Que bom que se livrara do Ulisses, agora podia deixar a mente vagabundear sem culpa alguma,sem a obrigação da leitura, mas sentia falta de ler. Firmou um propósito de, na próxima cidade, adquirir um bom livro. Ler para ele era vital. Quase como se alimentar. Admitia, sem conflitos internos, que era influenciado pelos livros embora nunca admitisse ser influenciado por pessoas, ria agora de tal inverossimilhança. Como se os livros não fossem escritos por pessoas. De novo sob o efeito do álcool, percebe como os pensamentos vinham numa avalanche. Incrível como ia rápido para a sua corrente sanguínea! Tinha uma intimidade muito antiga com aquela sensação. Desde os tempos de estudante. O álcool, nas primeiras doses tinha a propriedade de lhe trazer insights. Idéias incríveis já lhe haviam ocorrido nessa etapa pós primeiro gole, só que nem sempre conseguiu salvá-las. Se não tomasse nota imediatamente perdiam-se na progressão da euforia, como borrões de tinta derramada sobre um esboço lindamente delineado.

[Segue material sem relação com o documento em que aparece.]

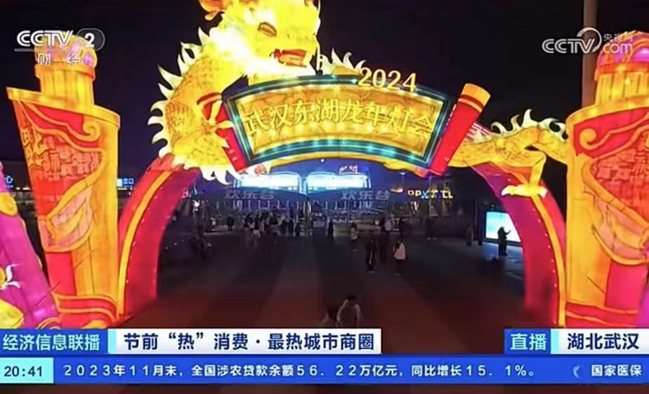 “我现在在武汉东湖龙年灯会的现场,随着2024年新年的临近,这里已经被装点得流光溢彩、灯火璀璨,新年的气息扑面而来……”当日20时40分,武汉东湖龙年灯会亮相央视新闻,以5分钟的时长向全国观众呈现出东湖畔火树银花不夜天的热闹景象。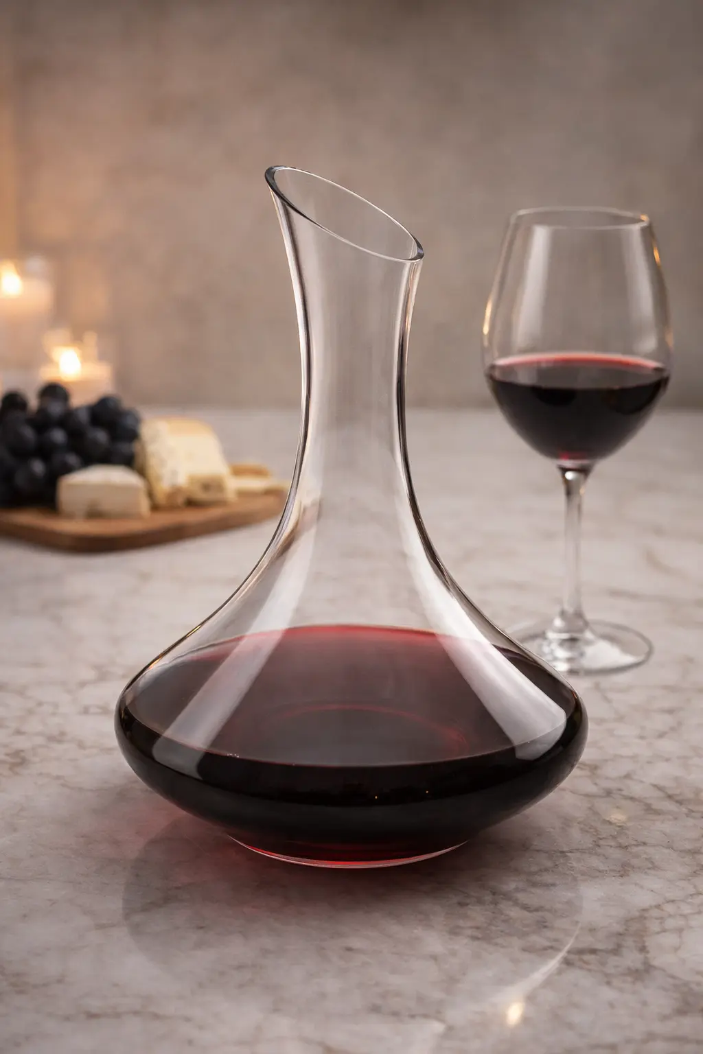 Con su diseño moderno y estilizado no solo realza la presentación en la mesa, sino que también permite oxigenar el vino, ayudando a liberar sus aromas y mejorar su sabor.

Um bando de maritacas acercou-se de uma árvore próxima que se debruçava sobre o rio. Chegaram numa alegria escandalosa, arrancando Alberto de seus devaneios. Ficaram por ali num tremendo vira e mexe, soltando seus gritos estridentes, pendurando-se às vezes pelas patinhas e esticando o pescoço verde, a cabeça coroada de vivo alaranjado, para alcançarem a frutinha amarela que estouravam com o bico, desprezando o caroço que ia cair da água para a alegria dos peixes. Ocorreu-lhe a lembrança do Pe Clemente que sempre procurava convencê-lo da existência de Deus usando esses pequenos eventos naturais. Deus nos fala a toda hora, meu filho, por meio dos bichos, das plantas, de toda a criação enfim. Você é um milagre! Cada parte de você. Sabe como funcionam seus olhos, seus ouvidos, o seu sistema nervoso, o seu cérebro? A complexidade de tudo isso! Você é um ser único, singular. Não existe entre cinco bilhões de semelhantes seus, nenhuma cópia idêntica sua. Sua personalidade, suas impressões digitais, sua Iris, tudo tem um projeto próprio e único. Estou falando só desta sua pessoinha feia – ele troçava- imagine se formos levar em conta a beleza das mulheres, o talento de Mozart ou de Da Vinci, cá pra nós brasileiros, milagre ainda maior dadas as circunstâncias, de Aleijadinho. Meu caro, se você não acredita que há uma inteligência superior por trás de tudo isso. Um engenheiro, um projetista. Sei lá o nome que queira dar ao verdadeiro autor dessa coisa toda, se acredita que este jornalista talentoso que tenho à minha frente evoluiu mesmo de uma ameba, então estou gastando saliva à toa. Já meio bêbado e cansado demais pra argumentar, que esses sermões só vinham depois de algumas horas de cantoria ou de algumas quedas de buraco, e considerando a amizade que tinha pelo velho clérigo, Alberto achava melhor não replicar.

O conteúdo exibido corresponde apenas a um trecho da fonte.